A fare le spese della crisi sono in primo luogo gli italiani ancora residenti in Istria e nel Quarnaro.La località dove si verificano gli episodi più gravi è Fiume. Così come a Belgrado e a Zagabria, infatti, anche a Fiume l’8 ottobre 1953 si tengono grandi manifestazioni contro la “Nota Bipartita”. A Fiume, a differenza della capitale serba o di quella croata, i manifestanti jugoslavi non hanno alcuna sede diplomatica o consolare contro cui scagliarsi, ma tale assenza è più che compensata dalla presenza di una comunità italiana autoctona, formata dalle poche migliaia di fiumani che non hanno preso la via dell’esodo, mentre vige ancora il bilinguismo. I manifestanti danneggiano il circolo culturale italiano e molte scritte bilingui.

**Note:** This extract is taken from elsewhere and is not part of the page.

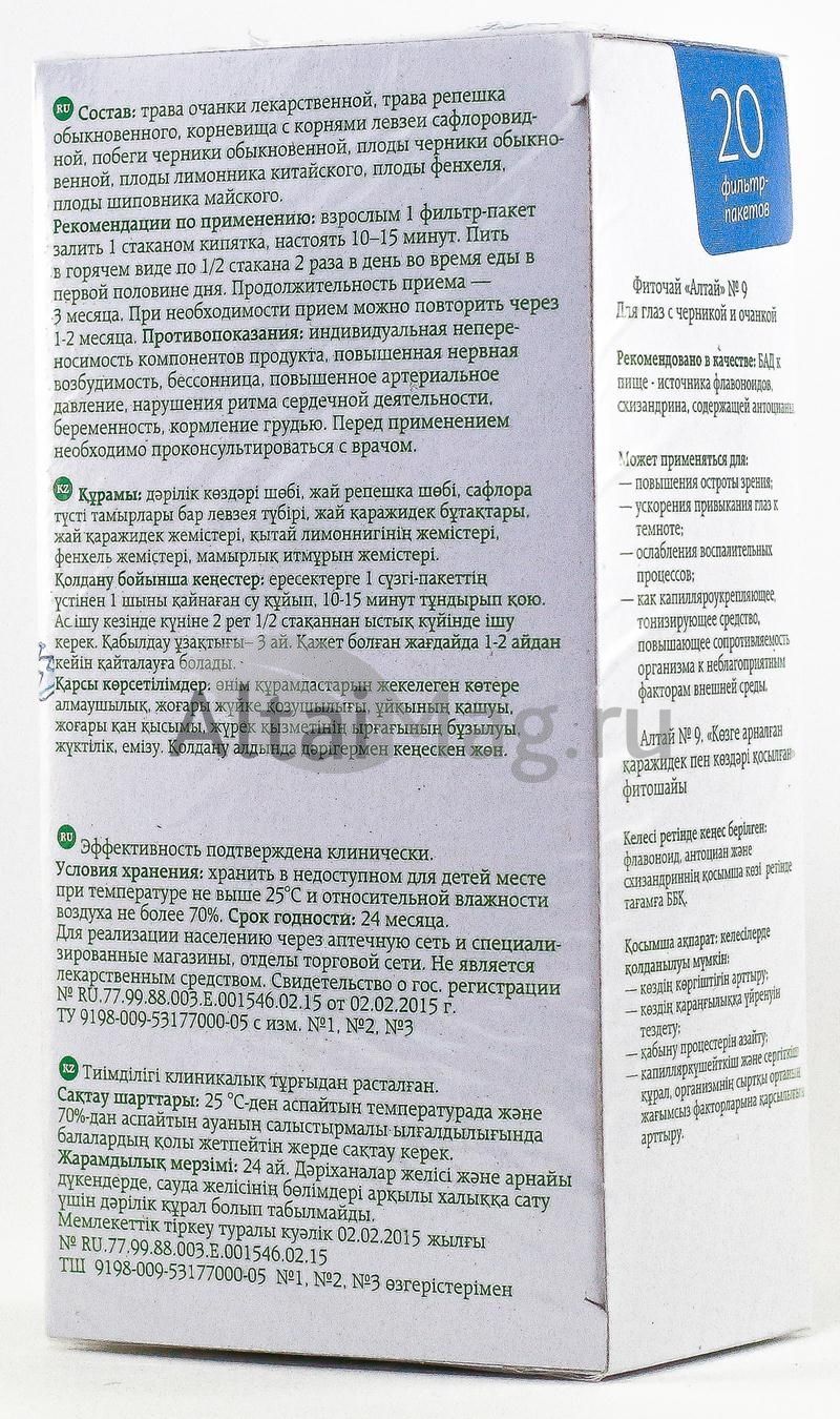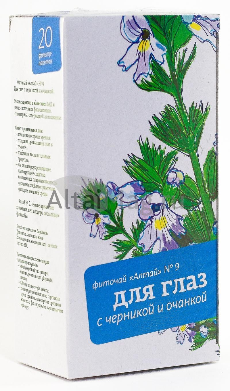 - Чтобы купить Фиточай Алтай №9 для глаз, 20 пакетиков совершите всего несколько шагов: укажите количество продукта и нажмите на кнопку «Купить».

Le autorità, difficilmente estranee alle manifestazioni, vanno però ancora oltre, sancendo la fine del bilinguismo e obbligando privati e aziende di tutta la città ad eliminare tutte le scritte in italiano, lingua che in quei giorni nessuno osa più parlare per paura di ritorsioni, neppure i dirigenti comunisti che avrebbero dovuto rappresentare la minoranza italiana.
Sparisce dai cartelli anche la scritta “Fiume” e il nome ufficiale della città rimane da quel momento solamente “Rijeka”.
Per quanto riguarda l’Istria, qui il trattamento riservato agli italiani era già stato inasprito sin dai giorni seguenti al discorso di Tito ad Okroglica.
Dopo la “Nota Bipartita”, però, si verifica una vera e propria ondata di persecuzioni. In tutta l’Istria, compresa la Zona B, dove vivono ancora decine di migliaia di italiani, si assiste alla chiusura di scuole con lingua d’insegnamento italiana e al danneggiamento e talvolta alla chiusura dei circoli culturali italiani.
Contemporaneamente, il bilinguismo e i diritti degli italiani vengono fortemente limitati, quando non totalmente eliminati. Molti istriani decidono dunque di esodare e trovare rifugio a Trieste.